GAO was asked to review DOD‘s participation in domestic missions. This
testimony represents our preliminary work in response to the request.
It addresses (1) the primary differences in military and nonmilitary
missions; (2) how DOD evaluates nonmilitary mission requests; (3) how
the 1878 Posse Comitatus Act impacts on DOD‘s nonmilitary missions; (4)
whether current management organizations, plans, and forces are
adequate to support DOD‘s domestic missions; and (5) the impact of
overseas and domestic missions on military personnel tempo.
GAO is making no recommendations in this testimony.
What GAO Found:
DOD‘s military and nonmilitary missions differ in terms of roles,
duration, discretion to accept or reject, and capabilities normally
employed.
DOD evaluates nonmilitary mission requests on the basis of legality,
lethality, risk to DOD forces, the cost, the appropriateness of the
mission, and the impact on military readiness.
The 1878 Posse Comitatus Act prohibits the direct use of federal
military troops in domestic civilian law enforcement, except where
authorized by the Constitution or Acts of Congress. Congress has
expressly authorized the use of the military in certain situations
such as to assist with drug interdiction or assist with terrorist
incidents involving weapons of mass destruction.
It is too early to assess the adequacy of DOD‘s new management
organizations or plans but some forces may not be tailored for their
domestic missions. DOD established an Office of the Assistant
Secretary of Defense for Homeland Defense and U.S. Northern Command to
plan and execute domestic missions. U.S. Northern Command‘s plan for
domestic military missions was developed before DOD officials had
agreed on the nature of the threat.

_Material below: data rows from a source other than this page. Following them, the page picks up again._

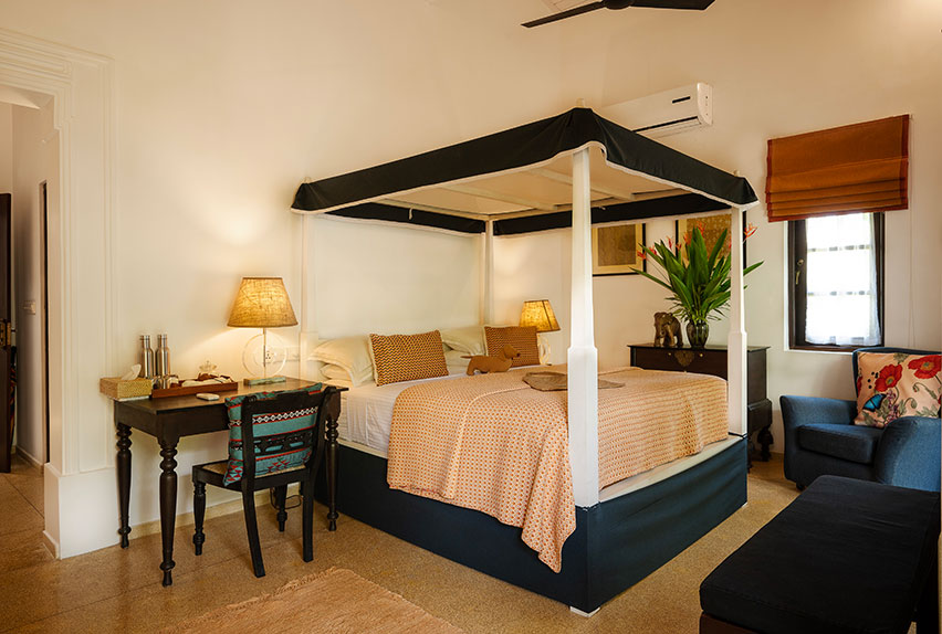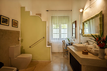 We have two suites in the main house with large king beds, with an ante room which can accommodate two extra single beds, perfect if you want to be close to but not share a bedroom with your children. This is available for those with children between the ages of 3 and 12, cots for infants are available and will be provided with no extra charge. An over-sized bathroom with large walk in shower makes this a perfect room for families.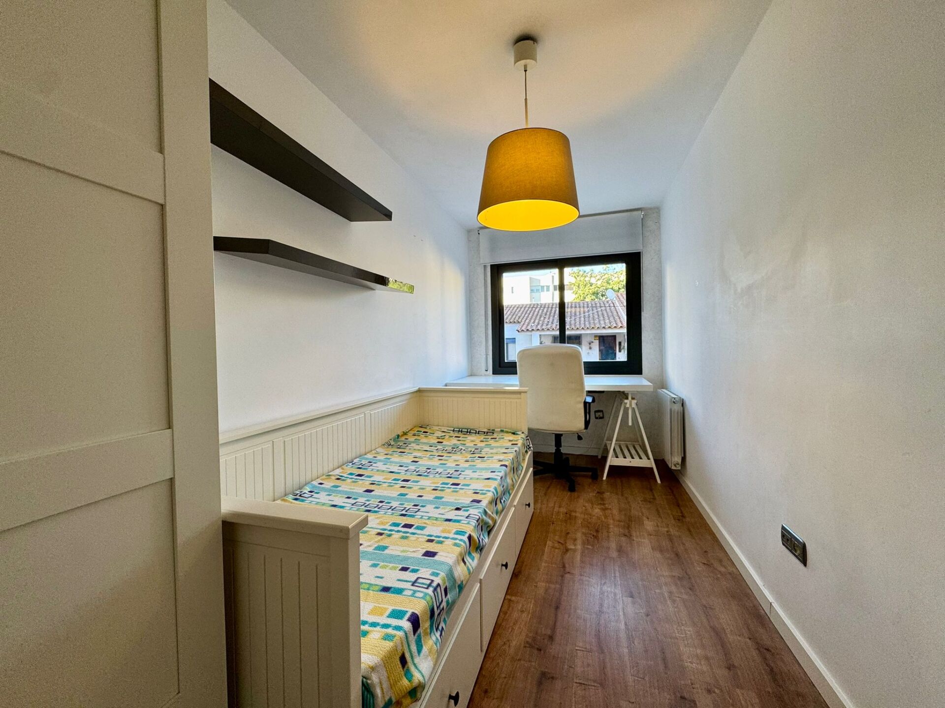 El piso se distribuye en recibidor, salón-comedor, cocina independiente con lavadero, tres habitaciones (dos de ellas dobles) y dos baños, uno de los cuales ha sido convertido en vestidor, manteniendo las instalaciones para poder recuperarlo fácilmente como baño.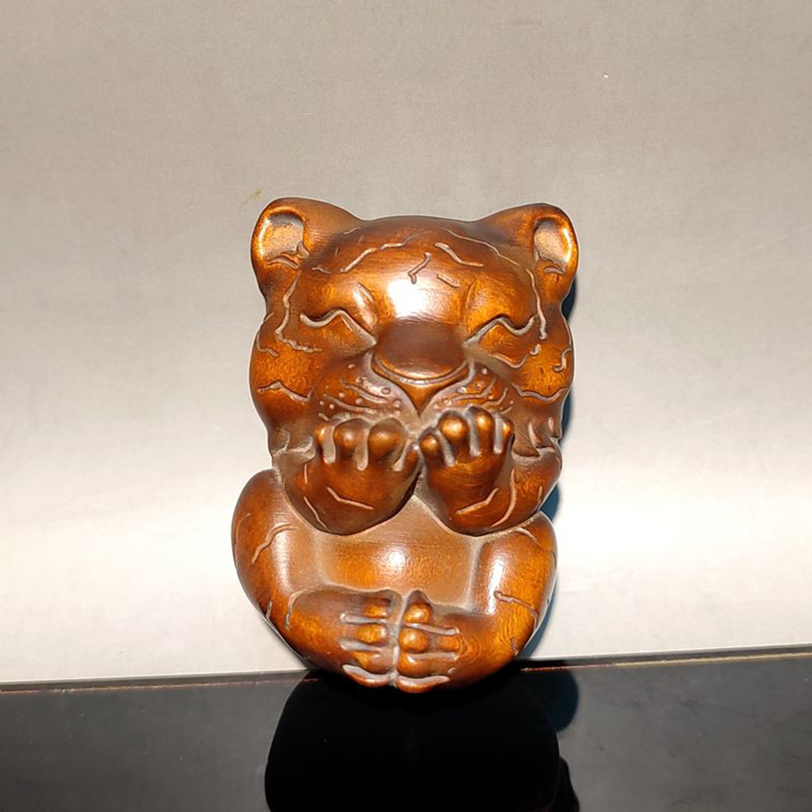 Chinese Boxwood Wooden Statue Statuette Animal cute Tiger home decor sculpture

Forces are not adequately
tailored for some domestic missions and readiness could erode because
of it. For example, Air Force fighter units deployed since September
11, 2001 to perform combat air patrols are unable to also perform
required combat training.
Overseas and domestic missions are stressing U.S. forces as measured in
personnel tempo data. In September 2001, about 1,600 Air Force
personnel had spent 220 to 365 days away from their homes over the
previous year, but by December 2002 almost 22,100 Air Force personnel
had been away that long. The Army reported similar increases. To
prevent erosion in combat capabilities, DOD issued orders, known as
stop loss, to involuntarily retain critical personnel.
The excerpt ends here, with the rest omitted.